Before turning to the modern architecture of Verona, I must just mention to you the three principal tombs of the Scaligers. That of Can Grande, the second dog of the race, is not a very sumptuous monument; two square pilasters against the wall of a church, with foliage on the capitals, support a platform, and over this is a Gothic canopy with trefoil-heads, but with little other ornament; above the canopy is a pyramid crowned with a figure on horseback, representing, probably, Can Grande himself, who is also extended below, under the canopy. The second is entirely detached, with precisely the same arrangement, but with more ornament, and higher and more graceful proportion; this contains the remains of Mastino II. (the Mastiff). The third is of Can Signorio, which is much more highly ornamented, but the disposition is the same, except that it forms a hexagon on the plan. The pyramid is disagreeably truncated in all, in order to admit the equestrian figure on the summit. These dogs seem to have deserved the name; the first died in 1328, the second in 1350, and the third, who erected his tomb in his own lifetime, in 1375. The desire of the Italians to introduce something resembling the columns and entablatures of the Roman architecture, renders these monuments much inferior to our own Gothic crosses.

I have already mentioned to you Sanmicheli; in 1525 or 1526, he left the service of Clement VII. for that of the republic of Venice, and was immediately employed in fortifying Verona. The works executed prior to his time have round towers instead of bastions; these and the gates have most of them inscriptions with dates; the last of the ancient style are the bastion of St. George, built in 1523, and the gate of St. George, 1525. The bastion of the Magdalen was the first erected by Sanmicheli, and bears date 1527. He has made it polygonal but small, and perhaps more like a tower than a modern bastion; but in the succeeding ones, all the particulars unite to give them the complete character of bastions. The Porta del Palio, built also by this artist, is very beautiful as a piece of architecture. It presents internally a range of arches, between doubled Doric columns; but it was left unfinished at his death, and has never been completed. I do not know how it is, but though I always condemn coupled columns in theory, they nevertheless occur in many of the buildings I most admire.

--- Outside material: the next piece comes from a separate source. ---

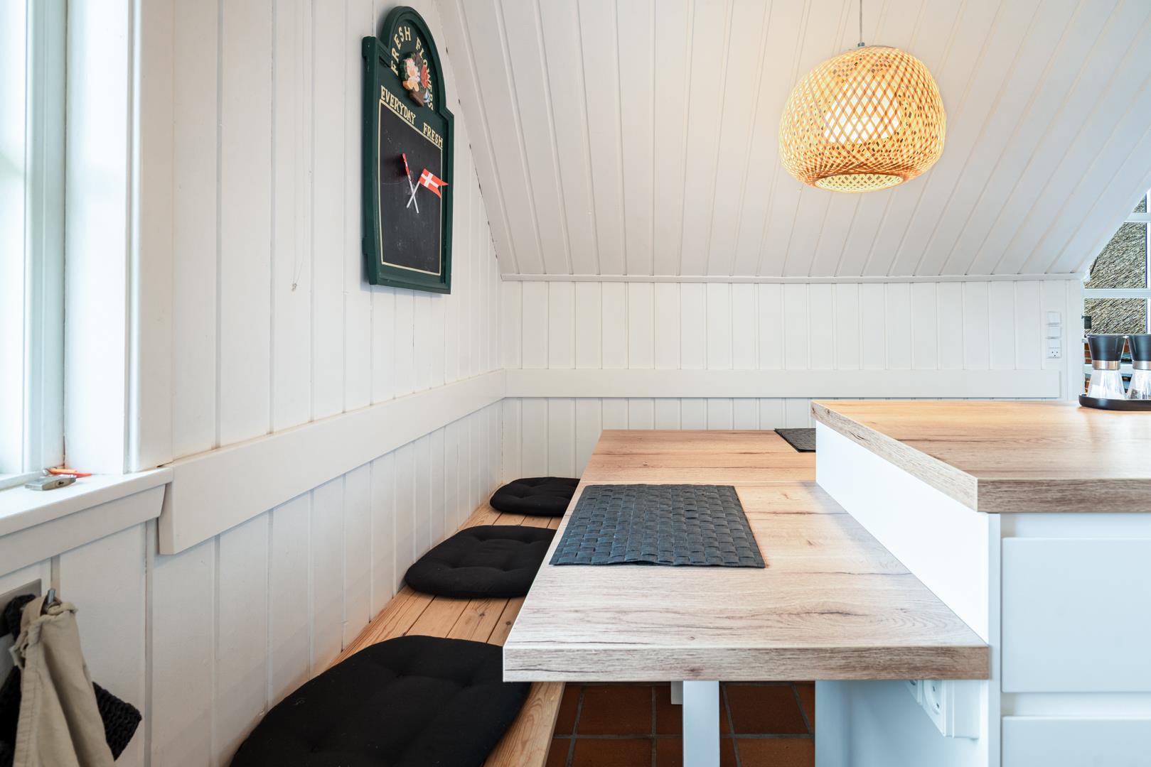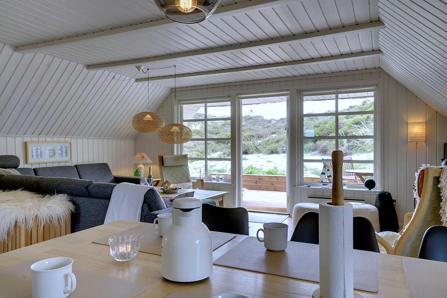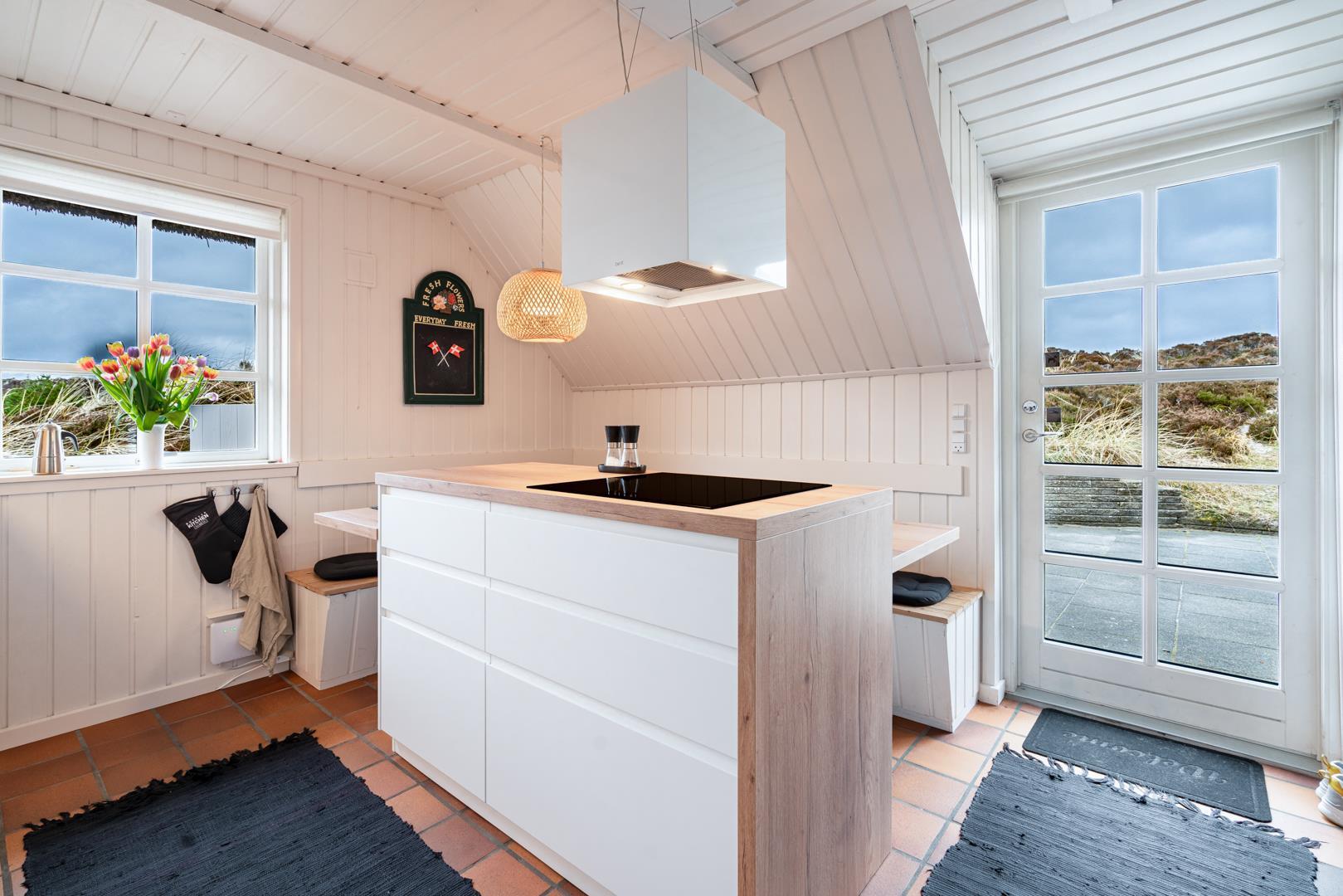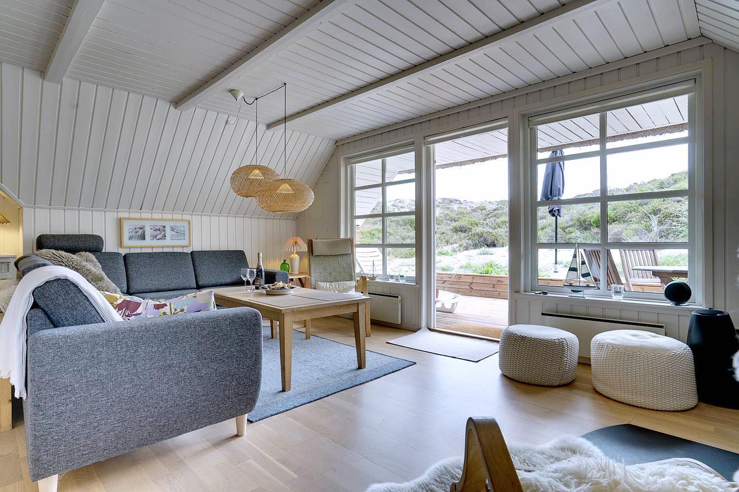 Huset fremstår lyst og venligt med en hyggelig stue, der er smagfuldt indrettet med komfortable møbler. Fra stuen er der direkte udgang til tre dejlige, ugenerte terrasser, hvor du kan følge solen dagen lang eller finde læ, når du ønsker det. Køkkenet er blevet opgraderet i 2022 med et lækkert, moderne design og alt, hvad du har brug for til at lave skønne feriemåltider.

The Porta Nuova was also by Sanmicheli; it is not so good, nor do any of his palaces equal in grace and purity of design, this Porta del Palio; yet they are all fine buildings. His usual defect seems to be in not putting his stories well together, generally making the lower too high, in relation to the upper, or else putting under the second order a double pedestal, and thus leaving too much space between the columns. Taking each order singly the proportions are beautiful.

Every Englishman who comes to Verona goes to see what he is told is the tomb of Juliet. It is a plain sarcophagus without a cover, which has been made use of as a cistern, and now lies neglected in a garden. You are told on the spot, that she was deposited there after having taken the sleepy potion; it may be so, but the entire want of internal evidence, and of all accompaniments, leaves the imagination unsatisfied.